→ What to do
Among the lines below, the one containing "Minimalistický stůl s" opens the range and the one containing "These bits were" closes it. Print that range exactly, without the pictures.
________________________
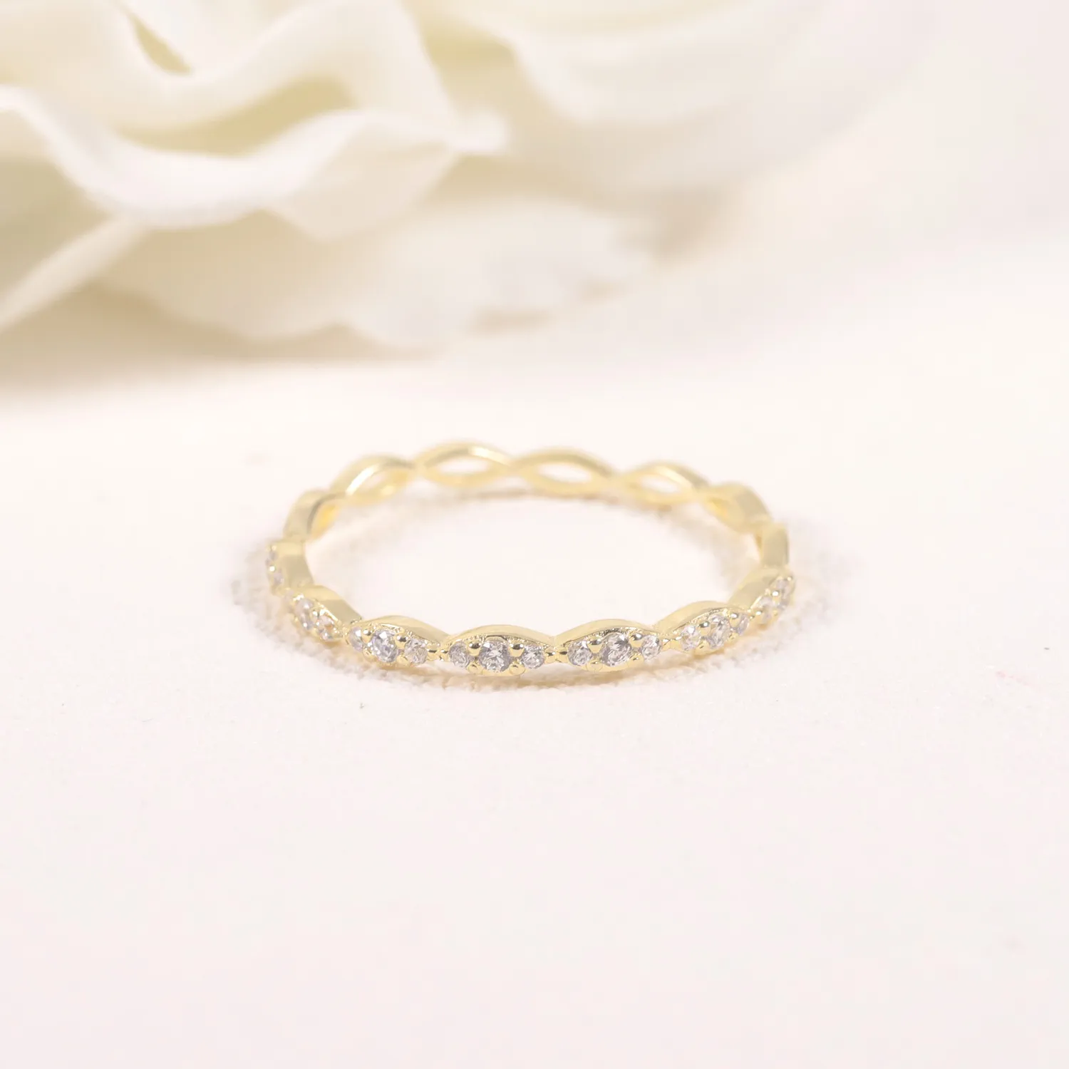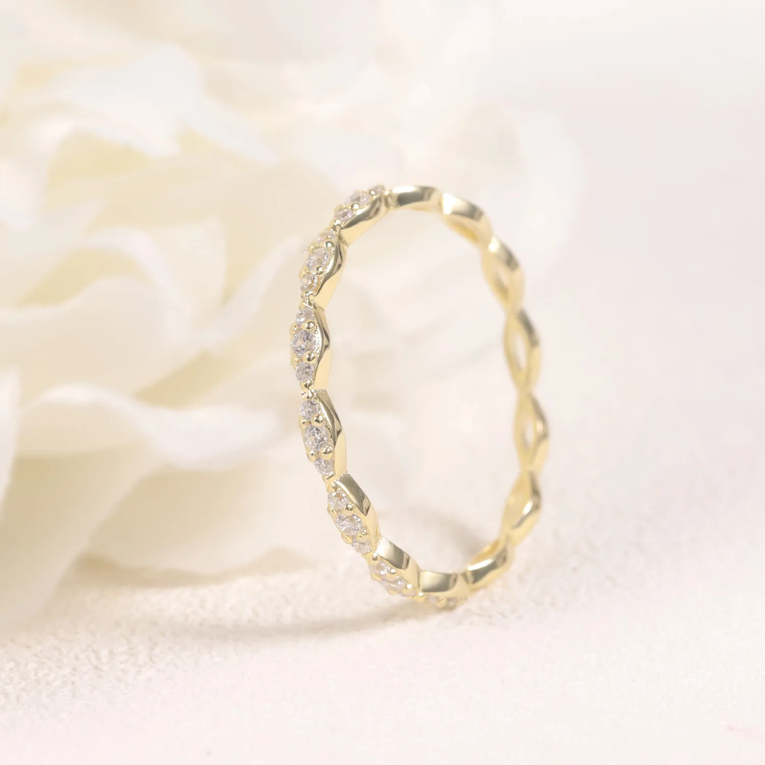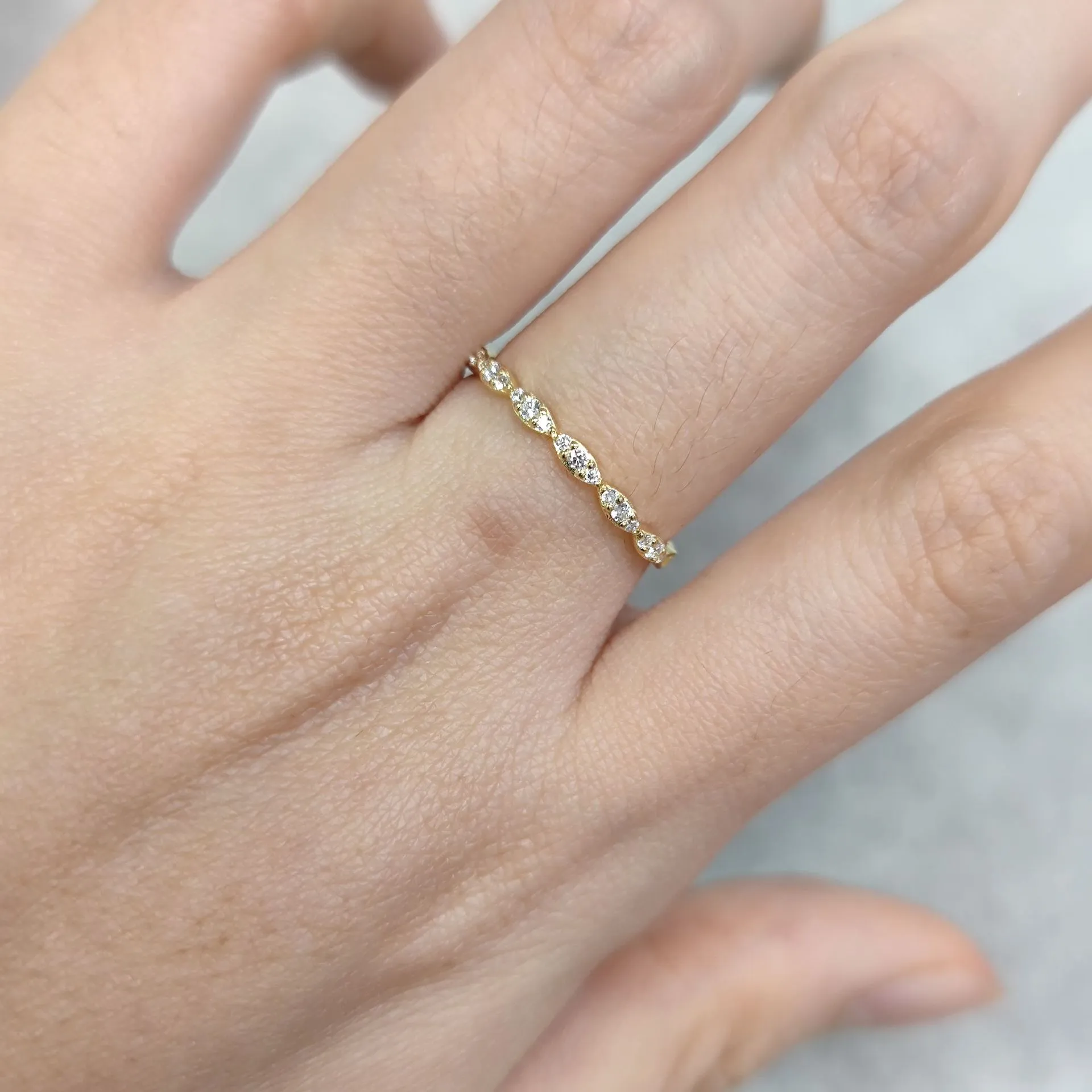 This ring features a unique pointed design, with sharp ends and a slightly wider center, where three sparkling moissanite stones is set. The design is inspired by modern minimalist style, with the pointed connection symbolizing strength and commitment, while the central Moissanite adds a brilliant touch of sparkle. The overall shape flows seamlessly, resembling a delicate line that connects the ends to form a perfect circle. Whether worn alone or stacked with other pieces, this ring adds a distinctive charm to your hand, highlighting your independent and confident personality.
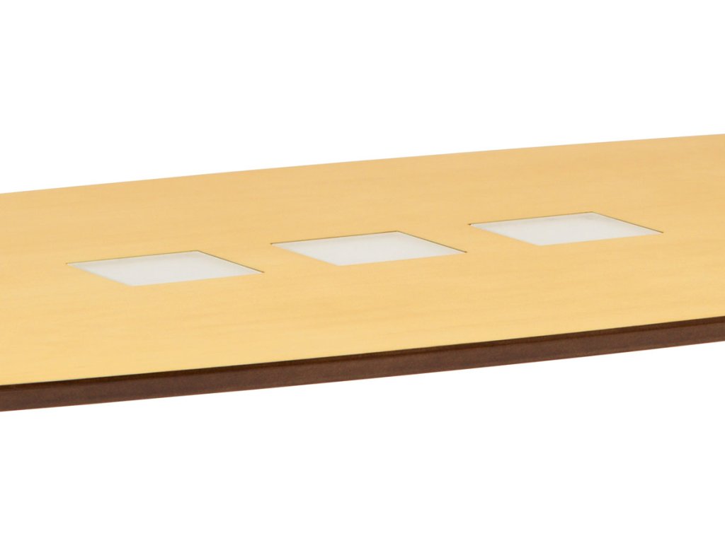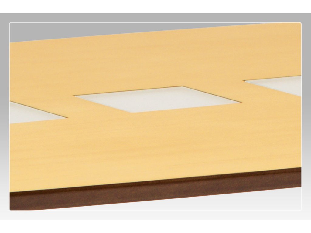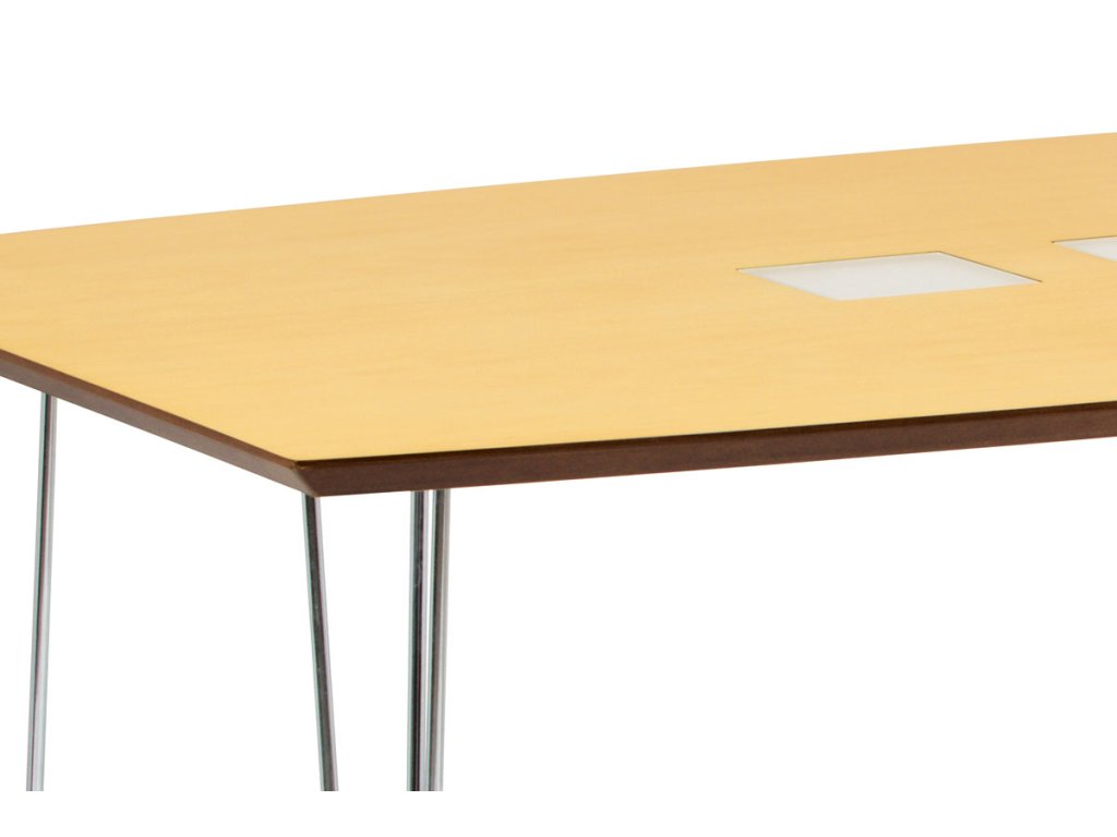 Minimalistický stůl s kovovýma nohama a dýhovou desku v přírodním odstínu ozvláštněnou zajímavými detaily ve tvaru čtverců.
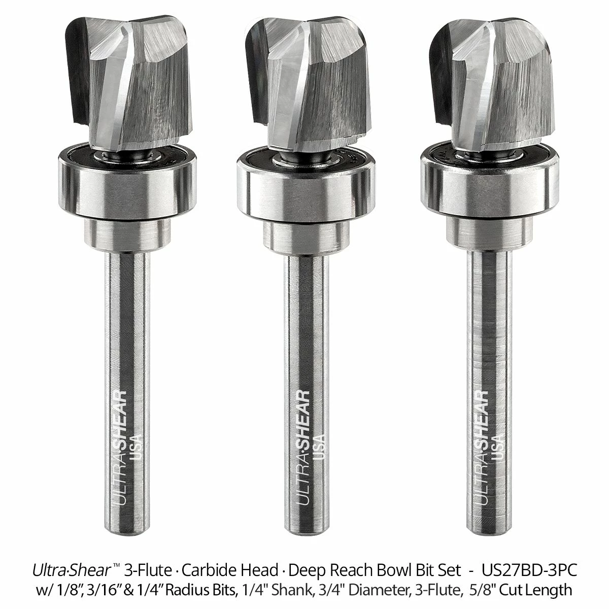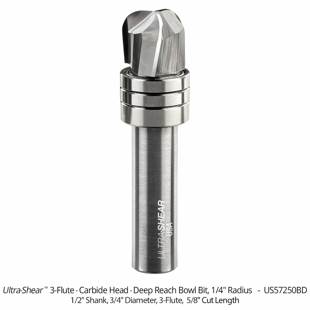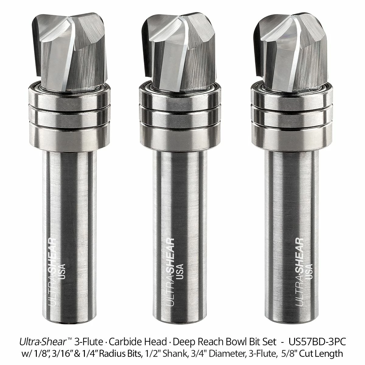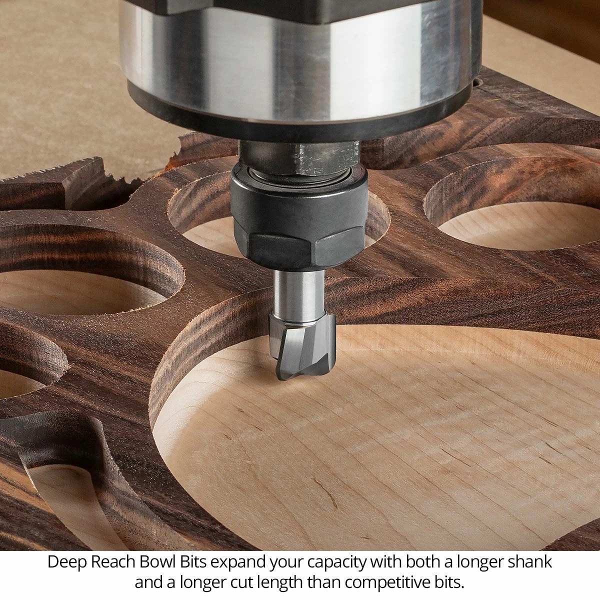 These bits were actually developed in response to a customer request. It seems most of the bowl bits on the market are too short for most home shop CNC machines to be able to cut a reasonably deep recess. So, we gave these extra shank length and made them in both 1/2″ and 1/4″ shank so everyone with any router can get in the game.
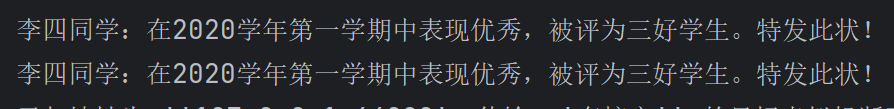 System.out.println(name + "同学:在2020学年第一学期中表现优秀,被评为三好学生。特发此状!");
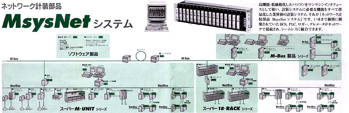 MsysNetシステムはパソコンをマンマシンインタフェースとし、プラグイン形のハウジングを基本とする“スーパーM・UNITシリーズおよびネスト収納を基本としたカード形のスーパー18・RACKシリーズで構成されています。両シリーズは、いずれも1ループごとのPIDコントロールを可能にしたDCSユニットやDCSカードを初め、計装システムに必要な機能(ソフトも含めて)をすべて部品化した形で構成されています。これら部品化されたユニット(またはカード)はM-BusとNestBusのネットワークで接続され、一体となって機能します。
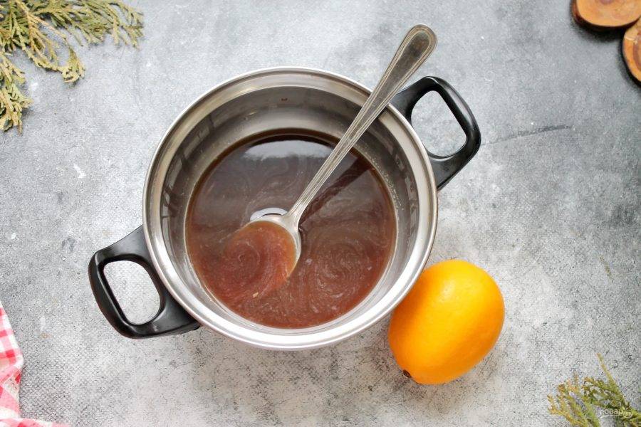 Перелейте сок в кастрюлю с толстым дном и поставьте на медленный огонь. Доведите температуру до 50 градусов и снимите с огня, сироп полностью остудите. Повторите процедуру еще два раза.
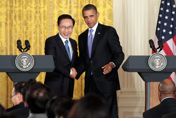 ▲ 이명박 대통령과 오바마 미국 대통령이 지난달 13일 미 워싱턴 백악관에서 공동 기자회견을 열어 한·미 FTA 비준처리를 약속했다. (연합뉴스=청와대 제공) |
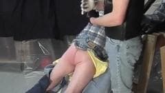 ![O barbeiro enfia o braço no traseiro de seu cliente favorito O barbeiro enfia o braço no traseiro de seu cliente favorito]()
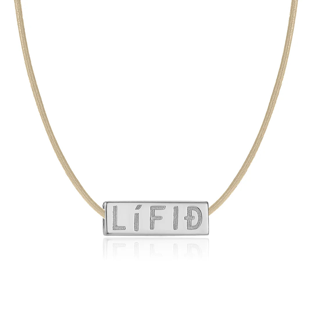 "LÍFIÐ ER NÚNA„ glæsilegt nýtt hálsmen, hannað fyrir við Kraft, félag ungs fólks sem greinst hefur með krabbamein. Hægt að nota menið á nokkra vegu með því að skipta út ólinni.
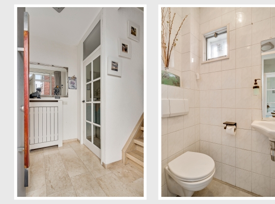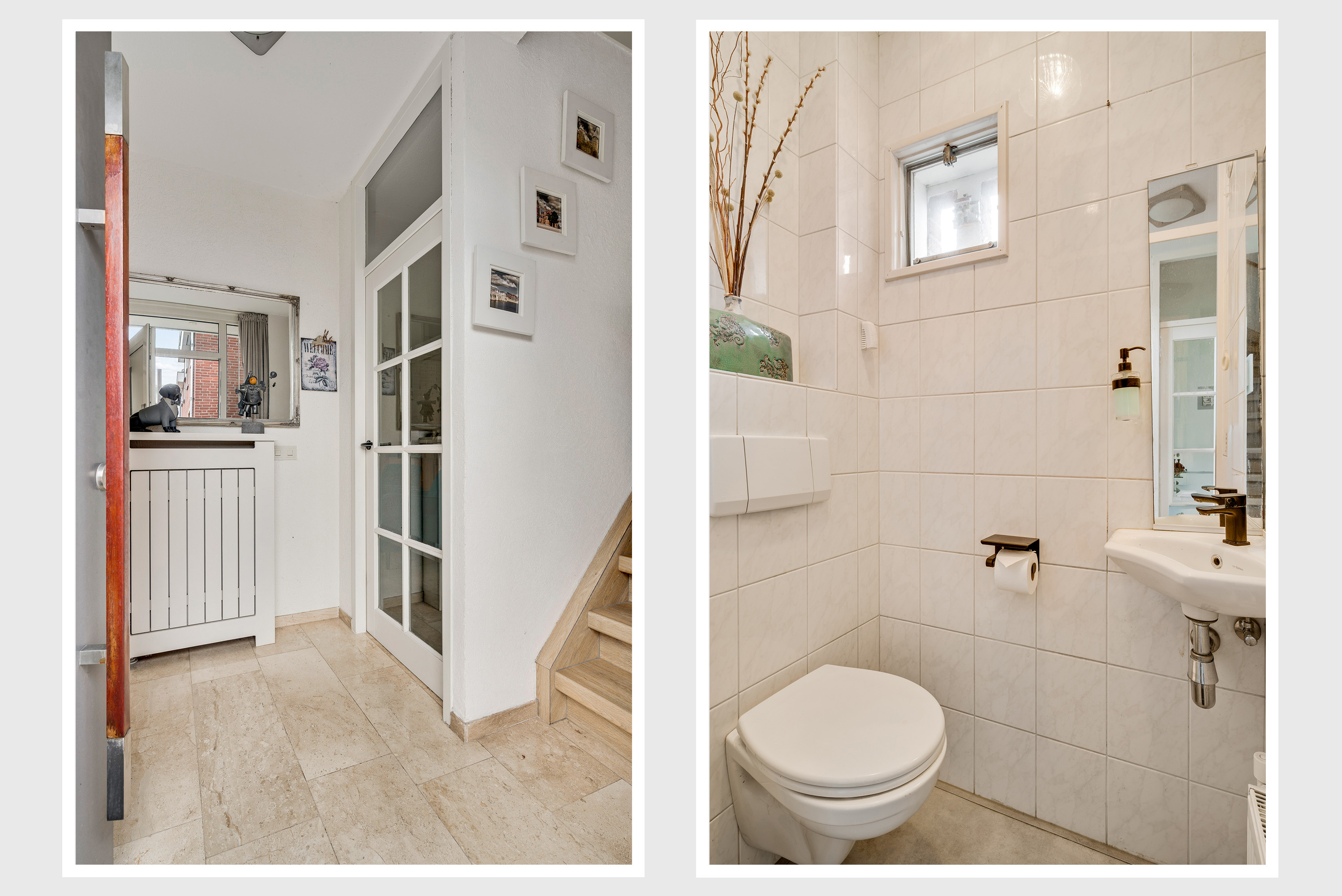 Bij de oprit is de entree van deze uitgebouwde, sfeervolle woning. In de hal ziet u de trapopgang, de meterkast met garderobe en de toiletruimte met fonteintje. In beide ruimtes ligt, net als in de woonkamer en keuken, een natuurstenen vloer.
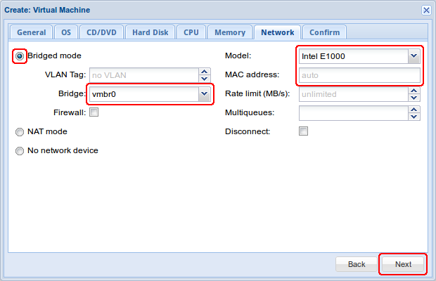 Im Reiter 'Network' als Netzwerkkarte 'VirtIO' auswählen und die MAC Adresse der für diese VM zu verwendenden öffentlichen IPv4 Adresse eintragen. Bridged Mode übernehmen wir so und vmbr0 auch diese.
________________________
→ Written reply
 Minimalistický stůl s kovovýma nohama a dýhovou desku v přírodním odstínu ozvláštněnou zajímavými detaily ve tvaru čtverců.
 These bits were actually developed in response to a customer request. It seems most of the bowl bits on the market are too short for most home shop CNC machines to be able to cut a reasonably deep recess. So, we gave these extra shank length and made them in both 1/2″ and 1/4″ shank so everyone with any router can get in the game.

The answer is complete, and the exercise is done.